Escaping Depressions in LRTS Based on Incremental Refinement of Encoded Quad-Trees

College of Information Systems and Management, National University of Defense Technology, Changsha 410073, China

Correspondence should be addressed to Quanjun Yin; moc.361@nujnauq_niy

Received 31 July 2016; Revised 9 February 2017; Accepted 28 February 2017; Published 19 March 2017

Academic Editor: Chunlin Chen

Copyright © 2017 Yue Hu et al. This is an open access article distributed under the Creative Commons Attribution License, which permits unrestricted use, distribution, and reproduction in any medium, provided the original work is properly cited.
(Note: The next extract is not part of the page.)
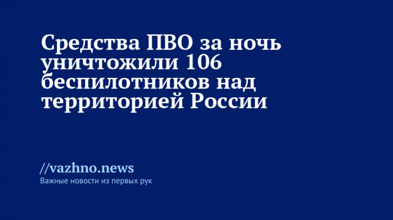 «В течение прошедшей ночи дежурными средствами ПВО перехвачены и уничтожены 106 украинских беспилотных летательных аппаратов самолетного типа», — говорится в сообщении в Telegram-канале.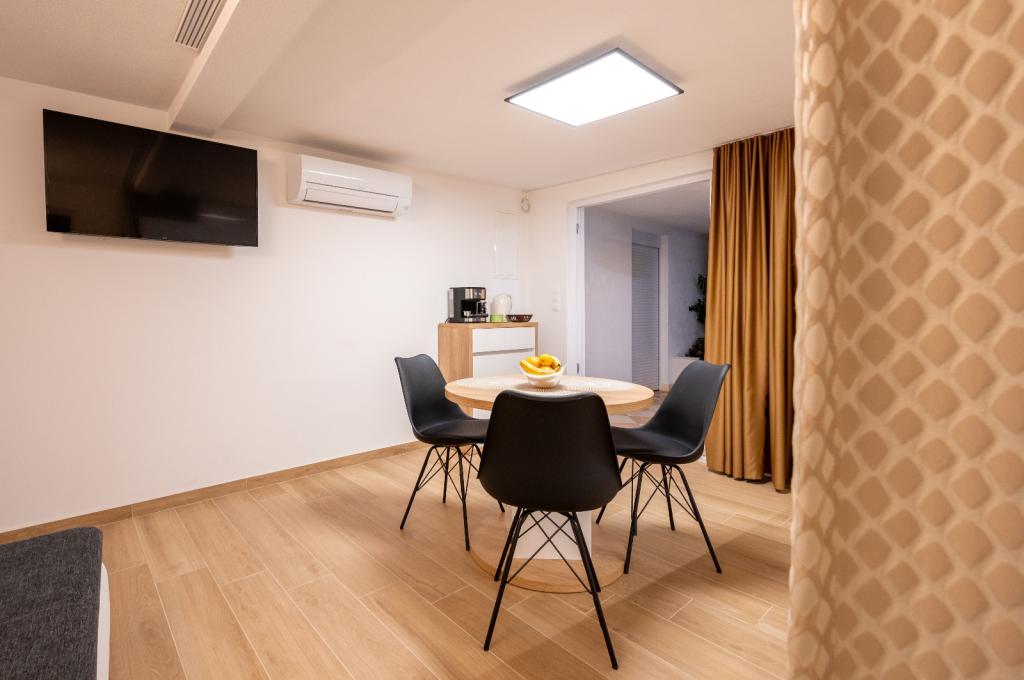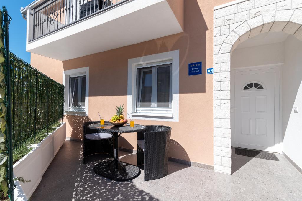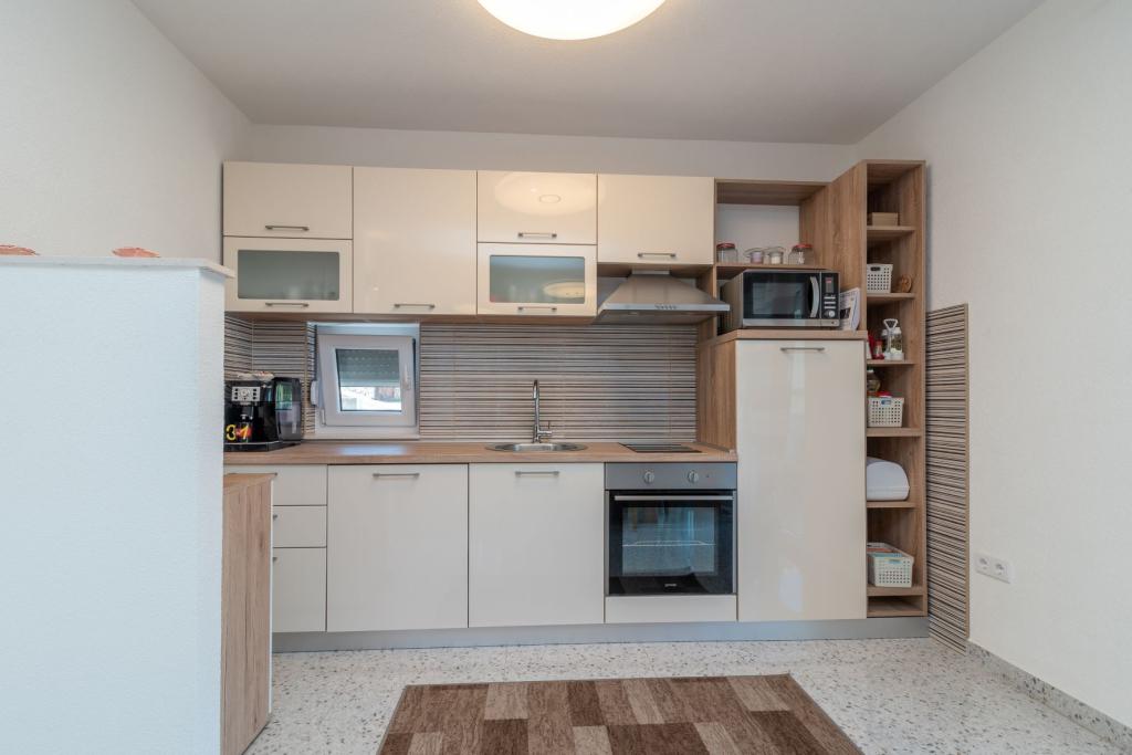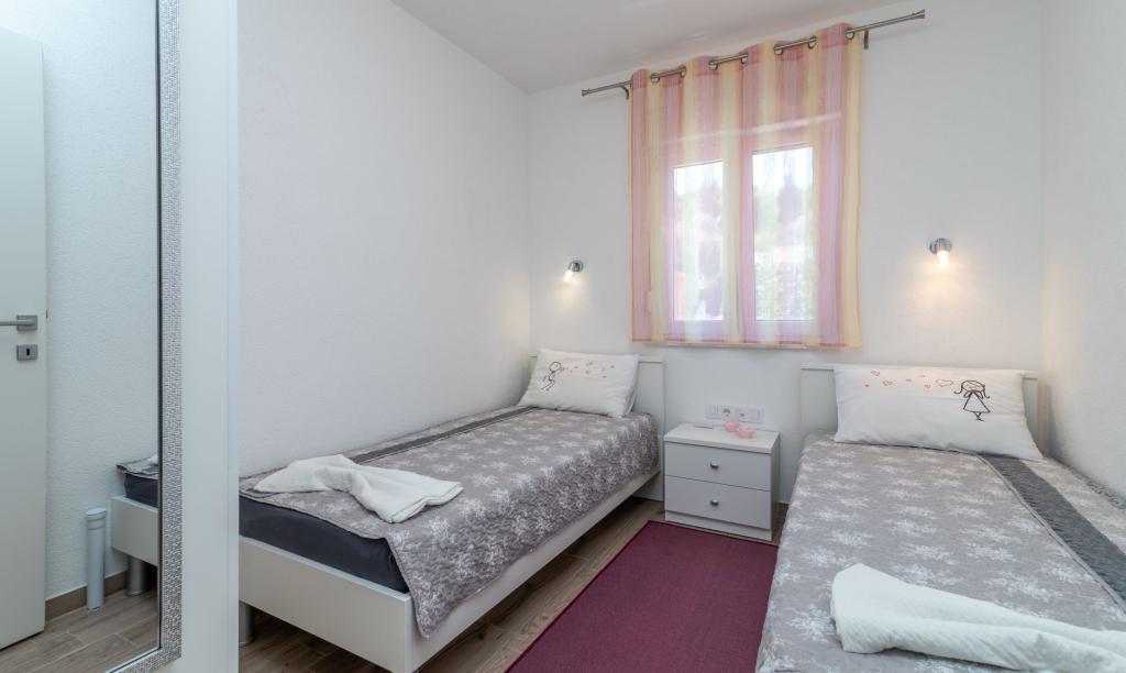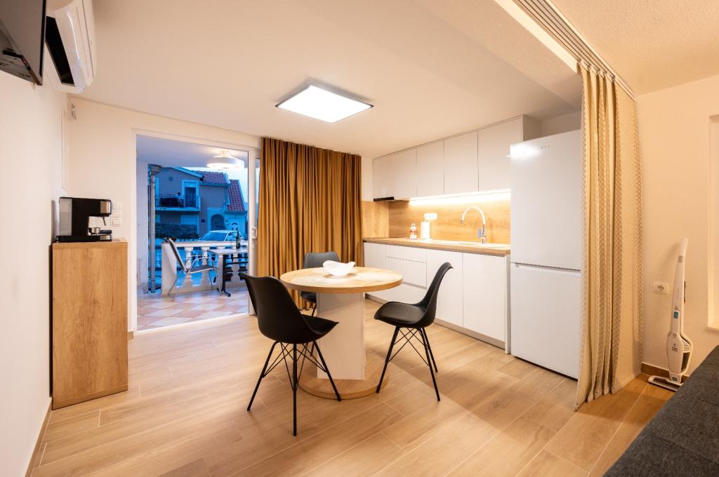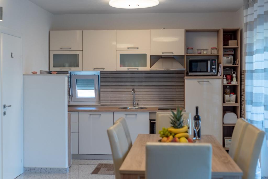 Vrlo čist i potpuno opremljen apartman... Od pegle do fena. daske za peglanje za 2 televizora. klima uređaj, set posuđa. Hladnjak. mikrovalna pećnica, perilica posuđa. 2 različita aparata za kavu. Hladna voda za dobrodošlicu u frižideru, voće na stolu. Rakija s domaćinom. Savršen odmor. Vlasnici su bili jako ljubazni i uslužni. Odmor je ovdje bio savršen. Blizina mora, trgovine, do starog grada Trogira točno 3 km. Odlična lokacija. preporučam

In the context of robot navigation, game AI, and so on, real-time search is extensively used to undertake motion planning. Though it satisfies the requirement of quick response to users’ commands and environmental changes, learning real-time search (LRTS) suffers from the heuristic depressions where agents behave irrationally. There have introduced several effective solutions, such as state abstractions. This paper combines LRTS and encoded quad-tree abstraction which represent the search space in multiresolutions. When exploring the environments, agents are enabled to locally repair the quad-tree models and incrementally refine the spatial cognition. By virtue of the idea of state aggregation and heuristic generalization, our EQ LRTS (encoded quad-tree based LRTS) possesses the ability of quickly escaping from heuristic depressions with less state revisitations. Experiments and analysis show that (a) our encoding principle for quad-trees is a much more memory-efficient method than other data structures expressing quad-trees, (b) EQ LRTS differs a lot in several characteristics from classical PR LRTS which represent the space and refine the paths hierarchically, and (c) EQ LRTS substantially reduces the planning amount and curtails heuristic updates compared with LRTS on uniform cells.